Hi,
We used CUDA function atomicADD() to implement dense matrix multiplication Y(N) = A(N*M) * X(M)
int n = threadIdx.x + blockDim.x*blockIdx.x;
int m = threadIdx.y + blockDim.y*blockIdx.y;
float tmp = 0.0;
if (n < N && m < M)
{
tmp = X[m] * A[n * M + m];
atomicAdd(&Y[n], tmp);
}
__syncthreads();
The kernel is called from
dim3 blockSize(BLOCK_SIZE, BLOCK_SIZE);
dim3 blockNum(N/BLOCK_SIZE+1, M/BLOCK_SIZE+1);
kernel<<<blockNum, blockSize>>>(X, Y, A, M, N);
We got different results for every run with this kernel.
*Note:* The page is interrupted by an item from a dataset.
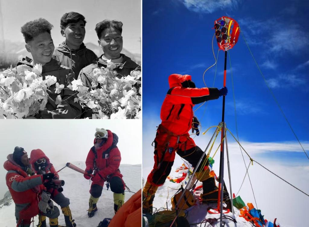 拼版照片:左上圖為1960年5月登上珠穆朗瑪峰峰頂?shù)闹袊巧疥?duì)隊(duì)員王富洲(右)、貢布(中)和屈銀華(資料照片,新華社發(fā));左下圖為2008年5月8日,北京奧運(yùn)圣火珠峰傳遞登山隊(duì)隊(duì)員羅布占堆(左)點(diǎn)燃第一棒火炬手吉吉手中的“祥云”火炬(新華社發(fā));右圖為2020珠峰高程測(cè)量登山隊(duì)隊(duì)員在珠穆朗瑪峰峰頂開展測(cè)量工作(2020年5月27日新華社特約記者扎西次仁攝)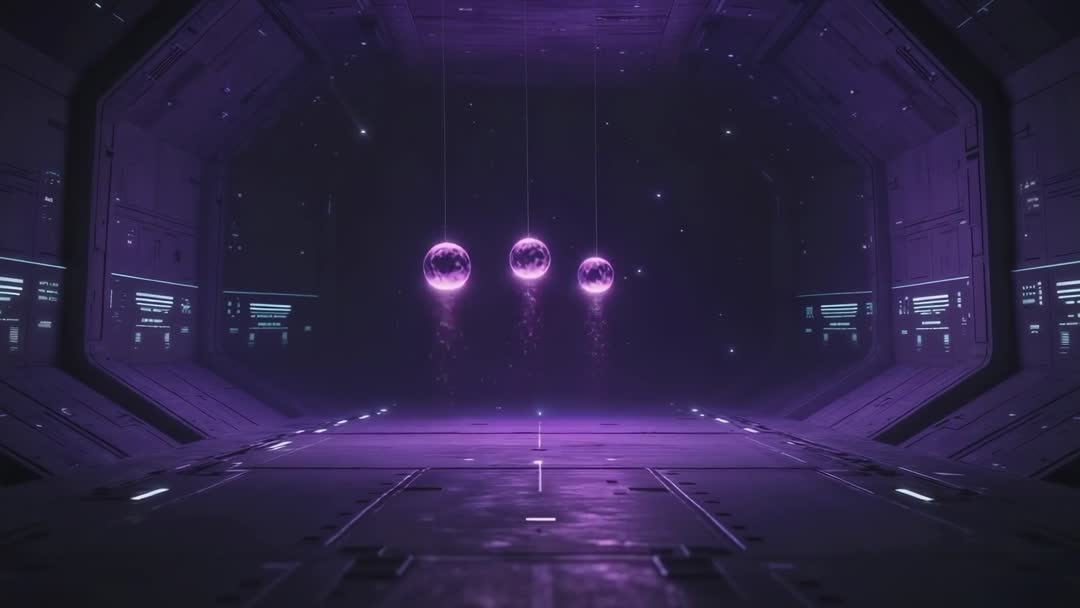 AI Generated Image. Three floating purple energy spheres pulse in a high-tech laboratory with a futuristic interior. Ideal for themes related to modern technology, innovation, or sci-fi digital environments. Perfect for use in video game design, film concepts, or promotional materials for technology-focused industries.

Naturally the random issue can be related to our code such as cumulative floating point arithmetic error. However, there is not the issue if the kernel is replaced with cublas , or the other implementation,
int n = threadIdx.x + blockIdx.x * blockDim.x;
float tmp = 0.;
if(n < N){
for(int m = 0; m < M; m++)
tmp += X[m] * A[n * M + m];
Y[n] += tmp;
}
__syncthreads();
we always get exact same results for all runs.
Did we do anything wrong with atomicAdd() ? Any comments for using the function atomicAdd ?
Thanks. /Jing